- [Aim of the task]
Strip out the pictures and transcribe the records that follow exactly.

*** Begin section ***

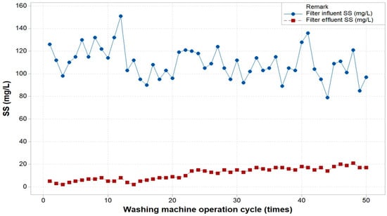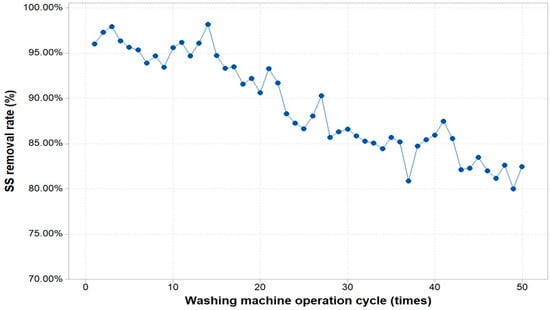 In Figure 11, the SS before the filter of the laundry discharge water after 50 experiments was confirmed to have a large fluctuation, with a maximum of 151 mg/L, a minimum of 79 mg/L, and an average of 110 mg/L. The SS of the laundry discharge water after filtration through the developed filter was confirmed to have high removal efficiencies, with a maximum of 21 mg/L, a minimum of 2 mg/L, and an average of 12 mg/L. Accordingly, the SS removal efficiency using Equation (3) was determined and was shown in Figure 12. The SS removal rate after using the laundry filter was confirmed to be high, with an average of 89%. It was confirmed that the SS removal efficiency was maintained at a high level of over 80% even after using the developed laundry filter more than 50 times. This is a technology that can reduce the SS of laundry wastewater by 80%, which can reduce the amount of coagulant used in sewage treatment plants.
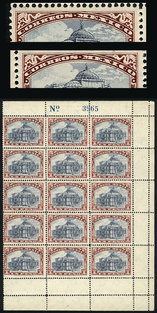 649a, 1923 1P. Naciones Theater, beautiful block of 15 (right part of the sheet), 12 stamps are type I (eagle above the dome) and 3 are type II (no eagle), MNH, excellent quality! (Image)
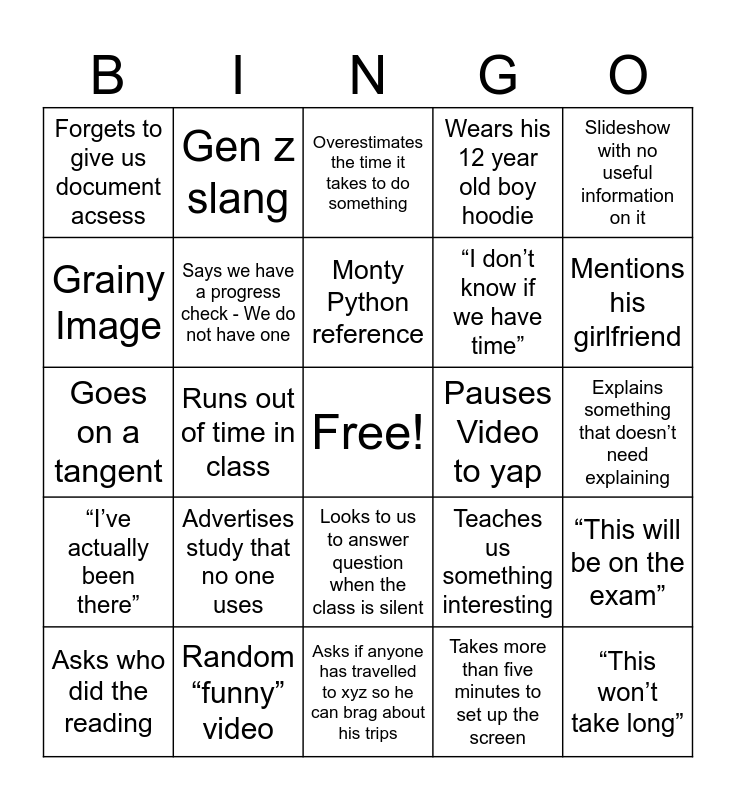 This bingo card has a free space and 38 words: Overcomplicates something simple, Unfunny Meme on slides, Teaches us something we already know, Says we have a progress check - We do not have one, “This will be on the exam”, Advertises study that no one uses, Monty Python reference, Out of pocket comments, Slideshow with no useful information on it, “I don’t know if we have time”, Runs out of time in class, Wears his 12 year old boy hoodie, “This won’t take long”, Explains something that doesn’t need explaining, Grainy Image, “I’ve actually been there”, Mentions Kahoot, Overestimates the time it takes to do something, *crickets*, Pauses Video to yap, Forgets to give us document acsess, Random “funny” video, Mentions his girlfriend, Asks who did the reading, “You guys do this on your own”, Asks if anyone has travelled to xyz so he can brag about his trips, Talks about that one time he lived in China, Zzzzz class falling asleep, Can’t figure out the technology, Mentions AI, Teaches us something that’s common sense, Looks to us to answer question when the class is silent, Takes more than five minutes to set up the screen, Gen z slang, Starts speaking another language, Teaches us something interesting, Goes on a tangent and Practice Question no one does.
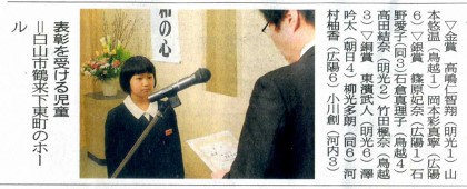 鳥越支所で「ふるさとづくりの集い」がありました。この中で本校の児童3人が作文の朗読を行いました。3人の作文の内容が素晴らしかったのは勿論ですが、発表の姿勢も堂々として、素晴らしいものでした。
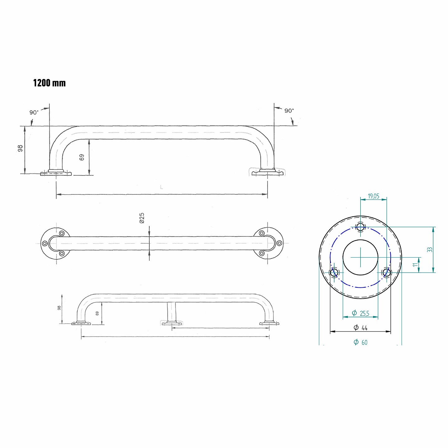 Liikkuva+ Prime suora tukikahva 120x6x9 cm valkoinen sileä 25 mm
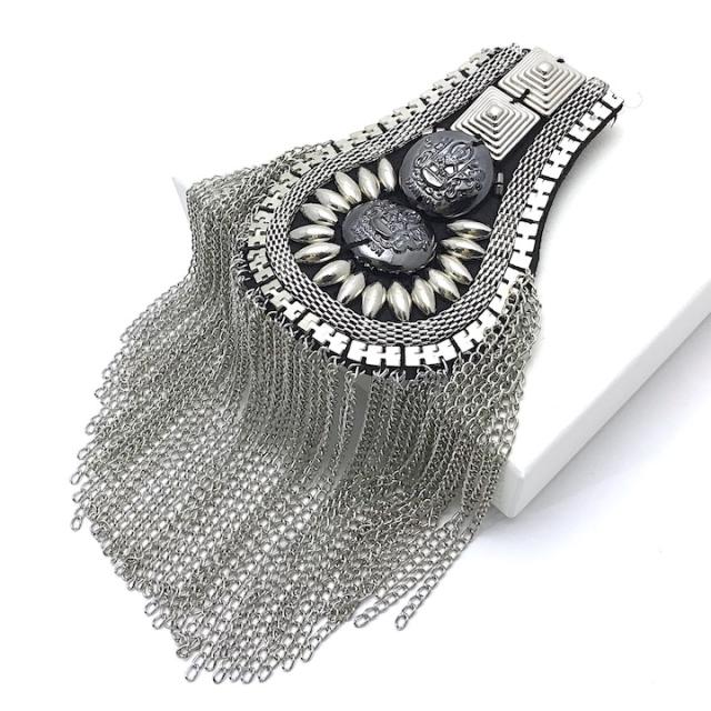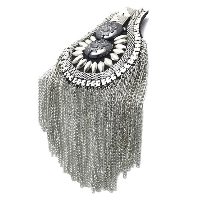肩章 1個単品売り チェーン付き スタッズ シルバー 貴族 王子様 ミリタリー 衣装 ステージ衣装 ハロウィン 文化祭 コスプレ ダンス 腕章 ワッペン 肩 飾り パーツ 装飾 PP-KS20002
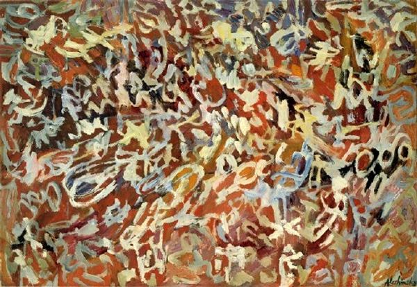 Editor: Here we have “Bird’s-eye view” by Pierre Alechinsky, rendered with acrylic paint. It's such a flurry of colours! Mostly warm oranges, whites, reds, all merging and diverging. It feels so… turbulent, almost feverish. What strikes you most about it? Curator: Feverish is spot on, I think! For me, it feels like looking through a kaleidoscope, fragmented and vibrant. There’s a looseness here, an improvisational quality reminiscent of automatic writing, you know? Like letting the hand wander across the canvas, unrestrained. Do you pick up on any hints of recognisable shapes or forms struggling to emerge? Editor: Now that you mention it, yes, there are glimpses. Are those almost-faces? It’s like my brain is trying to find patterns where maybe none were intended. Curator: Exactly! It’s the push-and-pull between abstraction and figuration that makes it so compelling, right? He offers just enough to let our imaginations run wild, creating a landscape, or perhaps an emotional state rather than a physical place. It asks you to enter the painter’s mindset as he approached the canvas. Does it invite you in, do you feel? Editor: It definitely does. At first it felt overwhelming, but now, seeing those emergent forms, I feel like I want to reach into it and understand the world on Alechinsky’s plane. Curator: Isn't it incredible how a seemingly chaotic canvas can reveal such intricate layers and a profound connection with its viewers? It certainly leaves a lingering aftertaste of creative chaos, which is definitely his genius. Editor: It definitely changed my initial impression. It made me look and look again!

*** End section ***

- [Response]
 In Figure 11, the SS before the filter of the laundry discharge water after 50 experiments was confirmed to have a large fluctuation, with a maximum of 151 mg/L, a minimum of 79 mg/L, and an average of 110 mg/L. The SS of the laundry discharge water after filtration through the developed filter was confirmed to have high removal efficiencies, with a maximum of 21 mg/L, a minimum of 2 mg/L, and an average of 12 mg/L. Accordingly, the SS removal efficiency using Equation (3) was determined and was shown in Figure 12. The SS removal rate after using the laundry filter was confirmed to be high, with an average of 89%. It was confirmed that the SS removal efficiency was maintained at a high level of over 80% even after using the developed laundry filter more than 50 times. This is a technology that can reduce the SS of laundry wastewater by 80%, which can reduce the amount of coagulant used in sewage treatment plants.
 649a, 1923 1P. Naciones Theater, beautiful block of 15 (right part of the sheet), 12 stamps are type I (eagle above the dome) and 3 are type II (no eagle), MNH, excellent quality! (Image)
 This bingo card has a free space and 38 words: Overcomplicates something simple, Unfunny Meme on slides, Teaches us something we already know, Says we have a progress check - We do not have one, “This will be on the exam”, Advertises study that no one uses, Monty Python reference, Out of pocket comments, Slideshow with no useful information on it, “I don’t know if we have time”, Runs out of time in class, Wears his 12 year old boy hoodie, “This won’t take long”, Explains something that doesn’t need explaining, Grainy Image, “I’ve actually been there”, Mentions Kahoot, Overestimates the time it takes to do something, *crickets*, Pauses Video to yap, Forgets to give us document acsess, Random “funny” video, Mentions his girlfriend, Asks who did the reading, “You guys do this on your own”, Asks if anyone has travelled to xyz so he can brag about his trips, Talks about that one time he lived in China, Zzzzz class falling asleep, Can’t figure out the technology, Mentions AI, Teaches us something that’s common sense, Looks to us to answer question when the class is silent, Takes more than five minutes to set up the screen, Gen z slang, Starts speaking another language, Teaches us something interesting, Goes on a tangent and Practice Question no one does.
 鳥越支所で「ふるさとづくりの集い」がありました。この中で本校の児童3人が作文の朗読を行いました。3人の作文の内容が素晴らしかったのは勿論ですが、発表の姿勢も堂々として、素晴らしいものでした。
 Liikkuva+ Prime suora tukikahva 120x6x9 cm valkoinen sileä 25 mm
肩章 1個単品売り チェーン付き スタッズ シルバー 貴族 王子様 ミリタリー 衣装 ステージ衣装 ハロウィン 文化祭 コスプレ ダンス 腕章 ワッペン 肩 飾り パーツ 装飾 PP-KS20002
 Editor: Here we have “Bird’s-eye view” by Pierre Alechinsky, rendered with acrylic paint. It's such a flurry of colours! Mostly warm oranges, whites, reds, all merging and diverging. It feels so… turbulent, almost feverish. What strikes you most about it? Curator: Feverish is spot on, I think! For me, it feels like looking through a kaleidoscope, fragmented and vibrant. There’s a looseness here, an improvisational quality reminiscent of automatic writing, you know? Like letting the hand wander across the canvas, unrestrained. Do you pick up on any hints of recognisable shapes or forms struggling to emerge? Editor: Now that you mention it, yes, there are glimpses. Are those almost-faces? It’s like my brain is trying to find patterns where maybe none were intended. Curator: Exactly! It’s the push-and-pull between abstraction and figuration that makes it so compelling, right? He offers just enough to let our imaginations run wild, creating a landscape, or perhaps an emotional state rather than a physical place. It asks you to enter the painter’s mindset as he approached the canvas. Does it invite you in, do you feel? Editor: It definitely does. At first it felt overwhelming, but now, seeing those emergent forms, I feel like I want to reach into it and understand the world on Alechinsky’s plane. Curator: Isn't it incredible how a seemingly chaotic canvas can reveal such intricate layers and a profound connection with its viewers? It certainly leaves a lingering aftertaste of creative chaos, which is definitely his genius. Editor: It definitely changed my initial impression. It made me look and look again!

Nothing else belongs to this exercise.